VwGH 2002/18/0180

VwGH2002/18/018027.2.2003

Der Verwaltungsgerichtshof hat durch den Vorsitzenden Senatspräsident Dr. Zeizinger und die Hofräte Dr. Rigler, Dr. Handstanger, Dr. Enzenhofer und Dr. Strohmayer als Richter, im Beisein des Schriftführers Mag. Stummer, über die Beschwerde des R, geboren 1977, vertreten durch Mag. Thomas Schweiger, Rechtsanwalt in 4020 Linz, Huemerstraße 1, gegen den Bescheid der Sicherheitsdirektion für das Bundesland Oberösterreich vom 28. Mai 2002, Zl. St 181/01, betreffend Erlassung eines befristeten Aufenthaltsverbotes, zu Recht erkannt:

Normen

AsylG 1997 §45;
BBetrG 1991 §2 Abs1 idF 1994/314;
FrG 1997 §36 Abs2 Z7;
AsylG 1997 §45;
BBetrG 1991 §2 Abs1 idF 1994/314;
FrG 1997 §36 Abs2 Z7;

 

Spruch:

Der angefochtene Bescheid wird wegen Rechtswidrigkeit infolge Verletzung von Verfahrensvorschriften aufgehoben.

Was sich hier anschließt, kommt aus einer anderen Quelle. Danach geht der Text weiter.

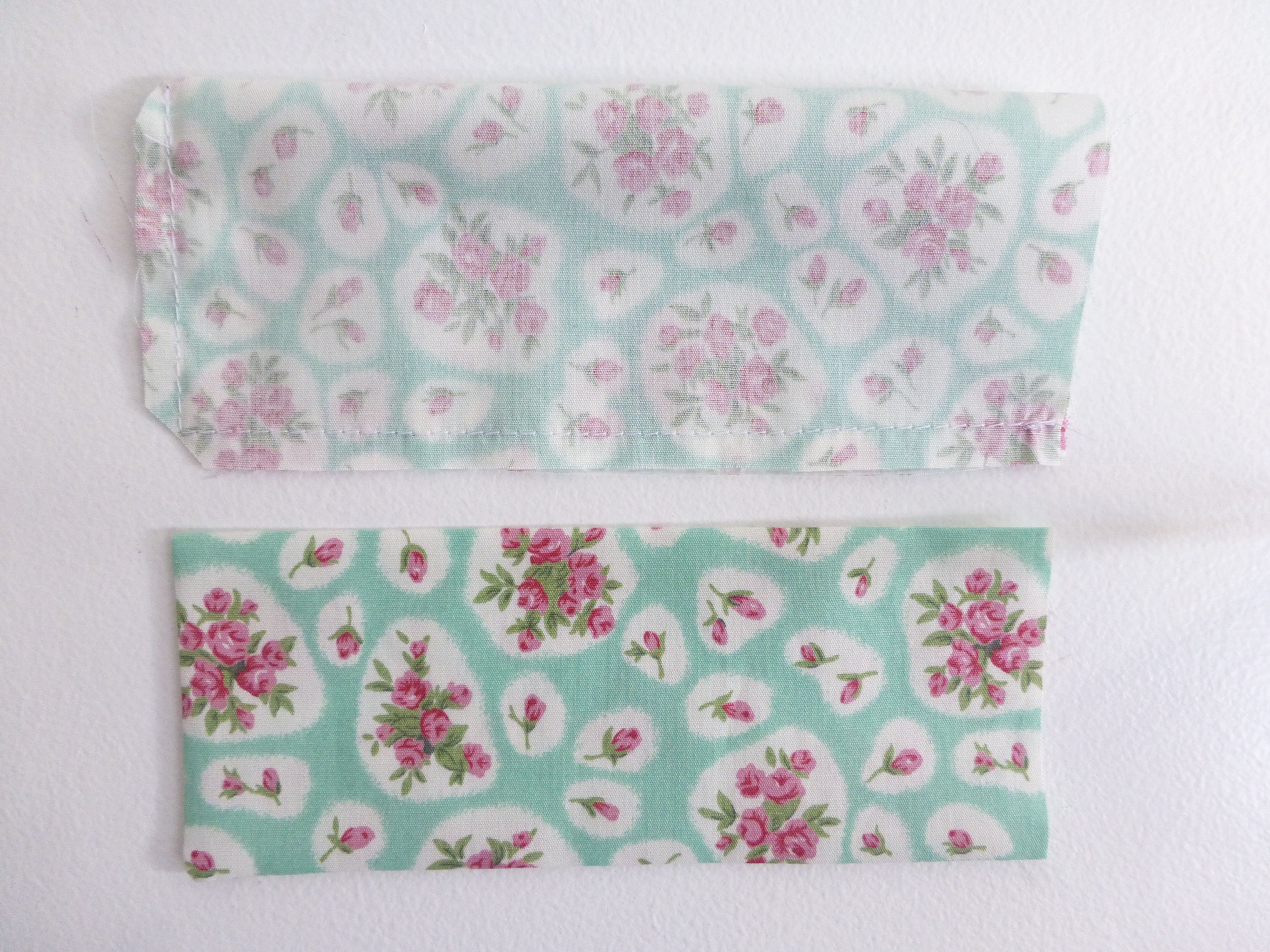 Fold the small floral rectangles in half lengthwise and stitch a small seam along one short and the long side.
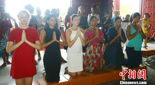 世界小姐三亚“学功夫”“抱佛脚” 体验中国文化
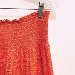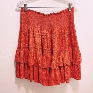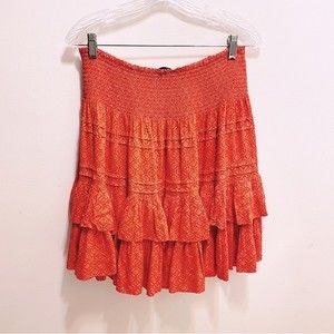 Lauren Ralph Lauren orange/red tiered ruffle print skirt in excellent condition. Western vibe with smocked waist. Sits above the knee.
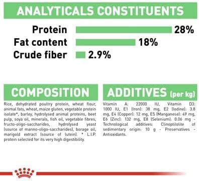 Digestive Comfort: Contains highly digestible proteins (L.I.P.) and a balanced blend of soluble and insoluble fibres to aid healthy digestion and transit.

Der Bund hat dem Beschwerdeführer Aufwendungen in der Höhe von EUR 908,-- binnen zwei Wochen bei sonstiger Exekution zu ersetzen. Das Mehrbegehren wird abgewiesen.

Begründung

I.

1. Mit dem im Instanzenzug ergangenen Bescheid der Sicherheitsdirektion für das Bundesland Oberösterreich (der belangten Behörde) vom 28. Mai 2002 wurde gegen den Beschwerdeführer, einen russischen Staatsangehörigen, gemäß § 36 Abs. 1 und Abs. 2 Z. 7 iVm §§ 37 und 39 Fremdengesetz 1997 - FrG, BGBl. I Nr. 75, ein Aufenthaltsverbot für die Dauer von drei Jahren erlassen.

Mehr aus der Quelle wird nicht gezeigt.